Очерки об историописании в классической Греции — страница 48 из 101

Итак, геродотовский Крез в лидийском плену никак не может считаться воплощением мудреца, «вторым Солоном», несмотря на всё свое желание стать таковым. Если уж кто-то в истории и может претендовать на подобную роль, так это перс Артабан, один из самых симпатичных персонажей сочинения Геродота. Он неоднократно высказывает мысли, вполне аналогичные солоновским, дельфийским — о превратностях человеческой судьбы, непрочности счастья, необходимости умеренности во всем (Herod. VII. 10; VII. 16; VII. 18; VII. 46; VII. 49; VII. 51)[576]. Причем, в отличие от Креза и в параллель Солону, персидский вельможа всегда тщательно аргументирует свою точку зрения. Было подмечено даже[577], что один из метафорических образов, использованных Артабаном («Так, говорят, порывы ветров обрушиваются на море, самую полезную людям стихию, и не позволяют использовать его природные свойства, так что оно не может показать свою истинную сущность», Herod. VII. 16), напрямую соотносится с одним из фрагментов Солона («Ветром волнуется море, когда же ничто не волнует / Глади морской, тогда нет тише ее ничего», Sol. fr. 11 Diehl)[578].

Это удивительное, почти дословное совпадение, конечно же, никак не может быть случайным.
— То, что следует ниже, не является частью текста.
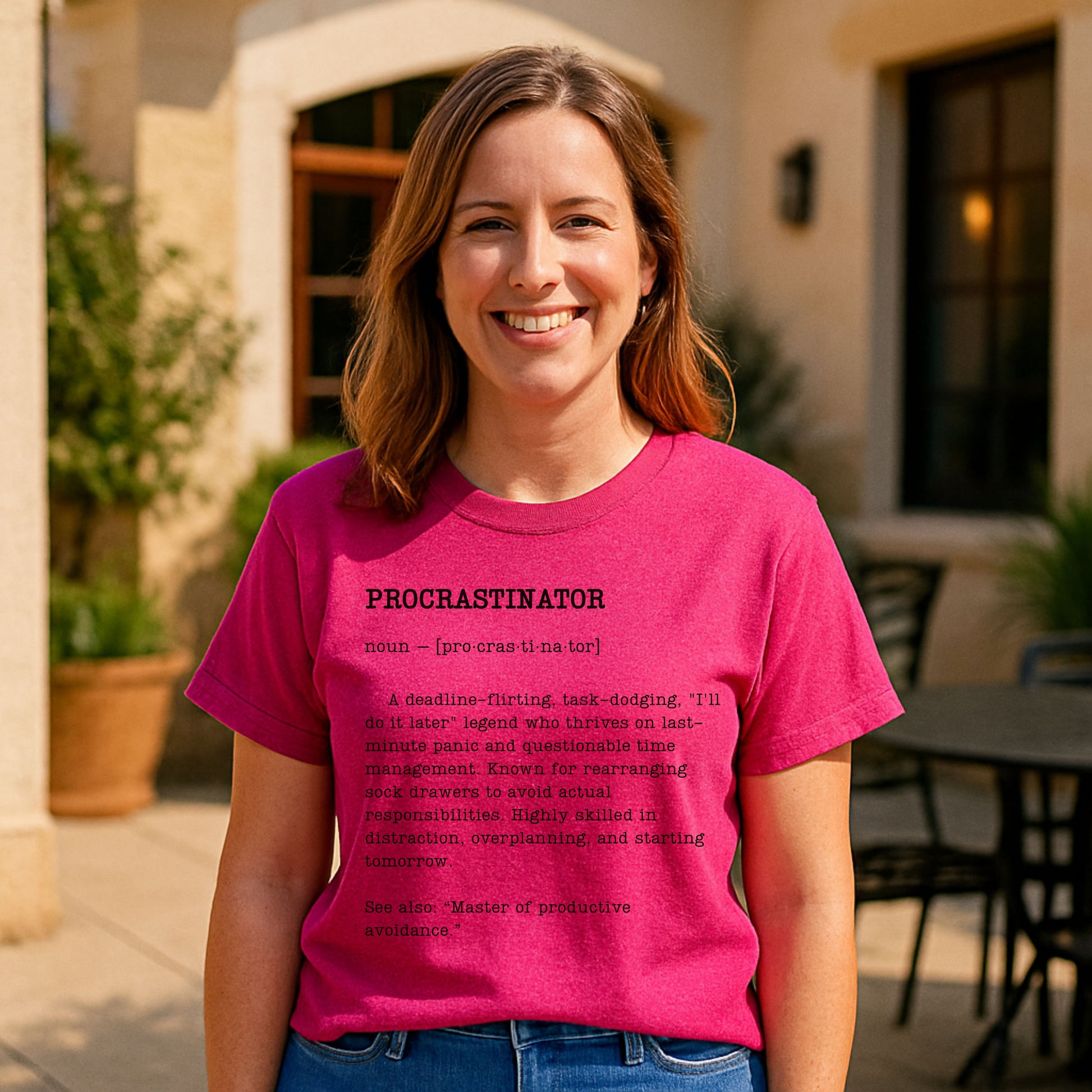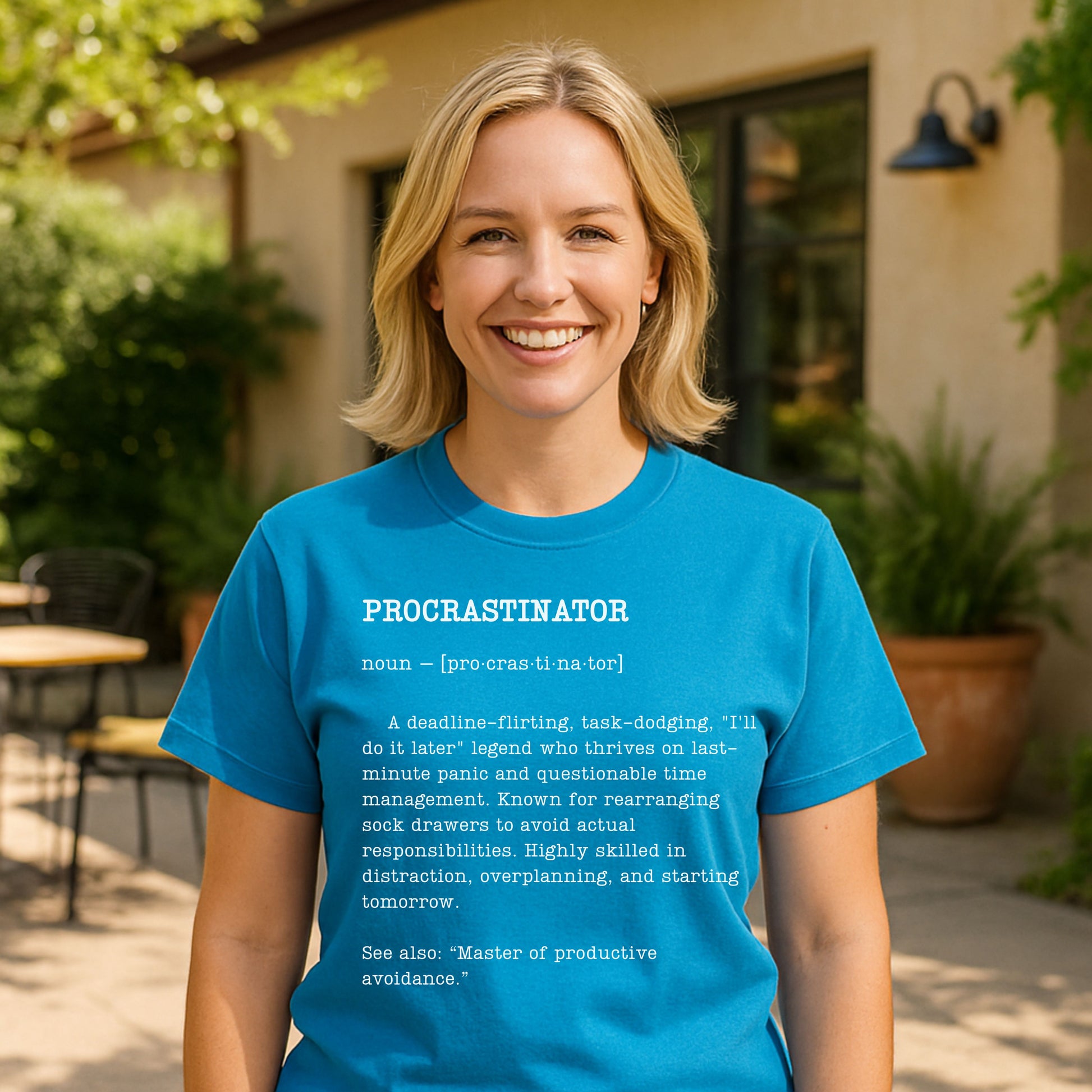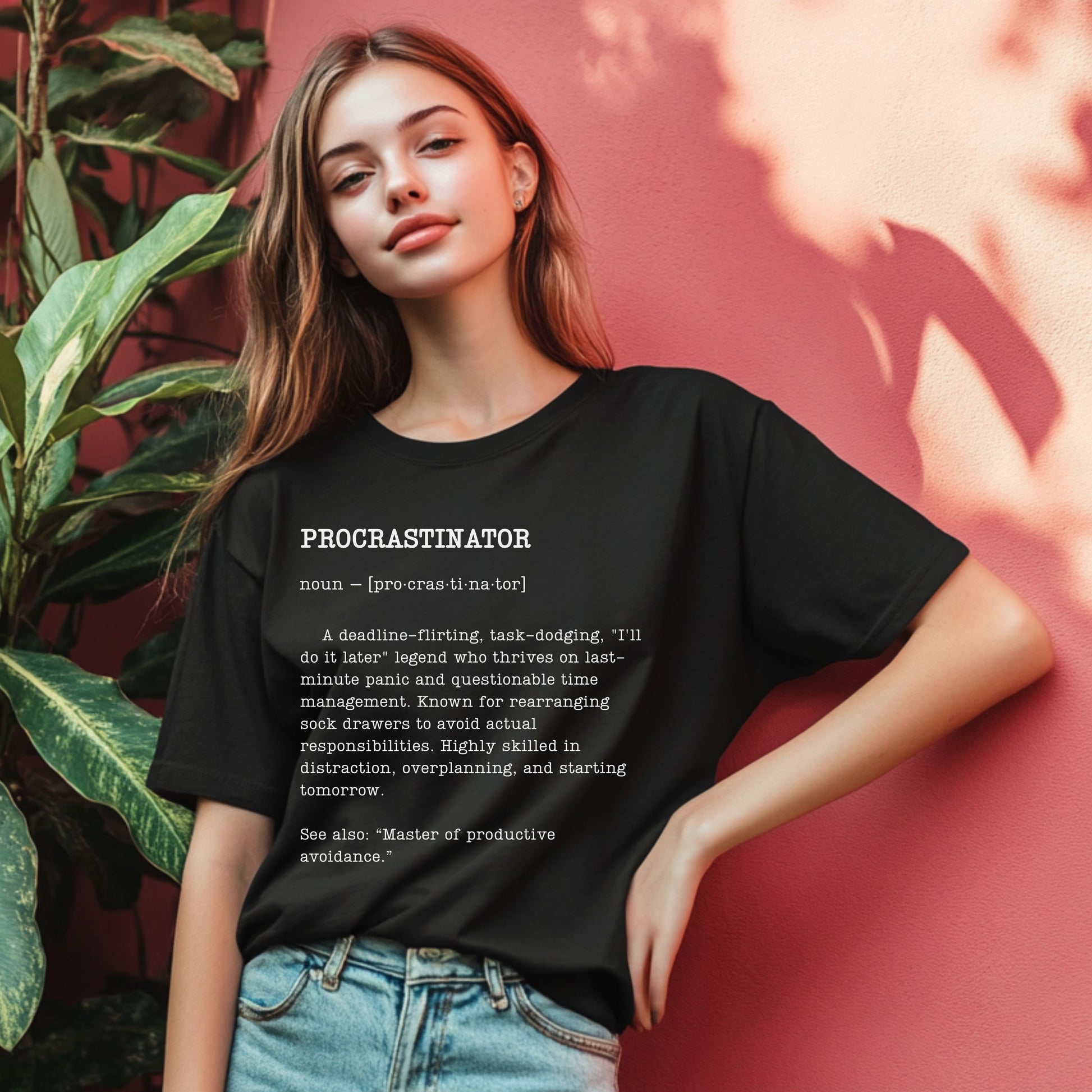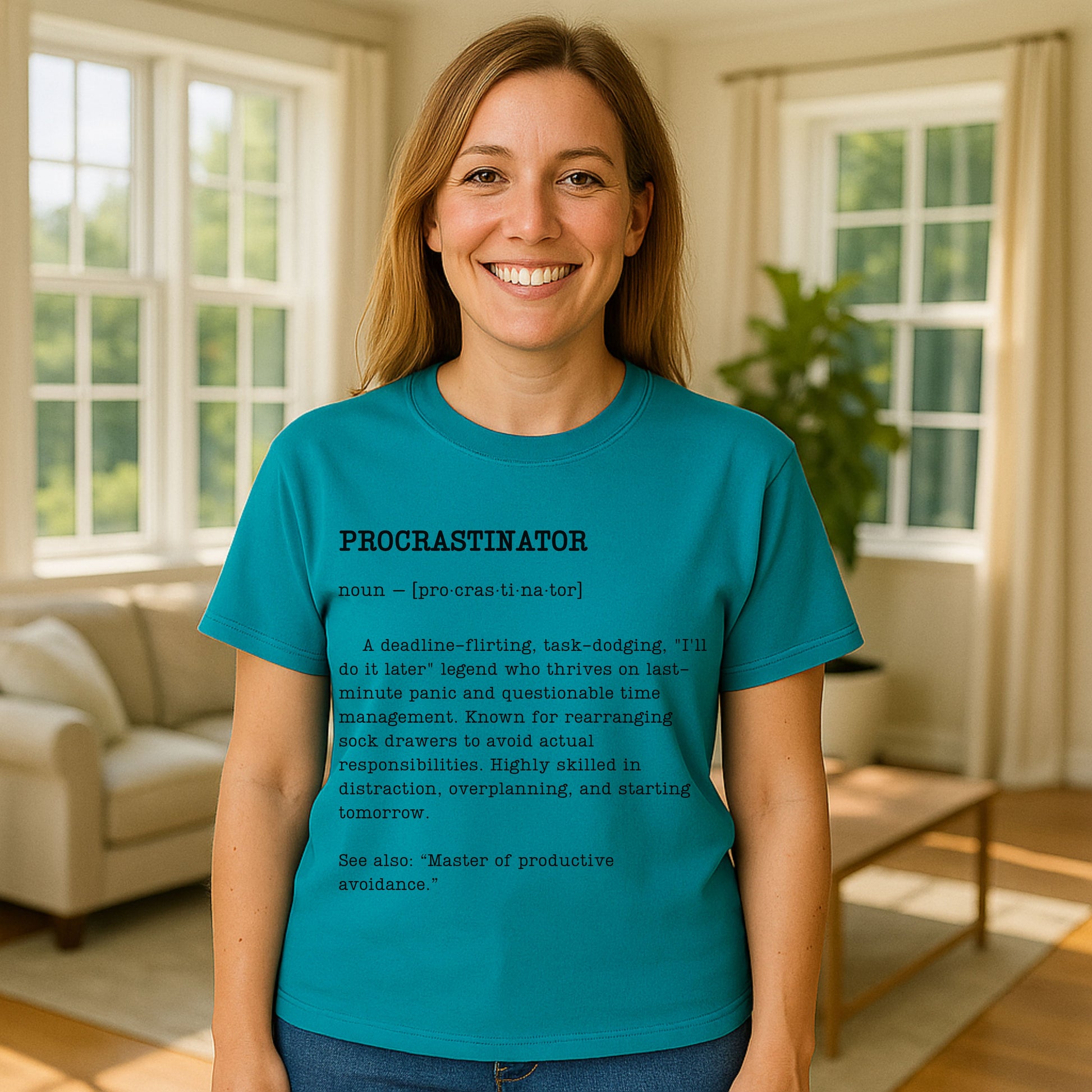 Celebrate the art of last-minute brilliance with this Procrastinator Definition T-Shirt. Featuring a witty faux-dictionary design, this unisex tee is perfect for overthinkers, deadline dancers, and anyone who thrives under pressure (or claims to). Made from soft, comfortable cotton and printed with crisp, high-contrast text, it’s an ideal gift for students, creatives, coworkers, and introverts alike.

Вряд ли кто-нибудь усомнится в том, что Геродот намеренно вложил аутентично солоновские слова в уста Артабану, чтобы подчеркнуть близость этих двух персонажей. Для этого он даже не побоялся пожертвовать исторической достоверностью. Ведь трудно представить себе, чтобы перс, представитель типично сухопутного народа, назвал вдруг море «самой полезной людям стихией», в то время как от грека слышать такое более чем естественно. В обоих случаях — и у Солона, и у Артабана — образ моря появляется не как самоцель, а в политическом контексте[579]. Артабану с помощью убедительнейших доводов почти удается отговорить Ксеркса от пагубного намерения пойти на Элладу. Но тут вмешиваются сверхъестественные силы (знаменитая сцена с призраком, Herod. VII. 12 sqq.), и перед ними бессилен уже и царский дядя. Это, пожалуй, единственный элемент ущербности геродотовского Артабана по сравнению с геродотовским Солоном (а ввести такую ущербность было необходимо, поскольку даже лучший из «варварских» мудрецов не мог быть поставлен на один уровень с мудрецом эллинским).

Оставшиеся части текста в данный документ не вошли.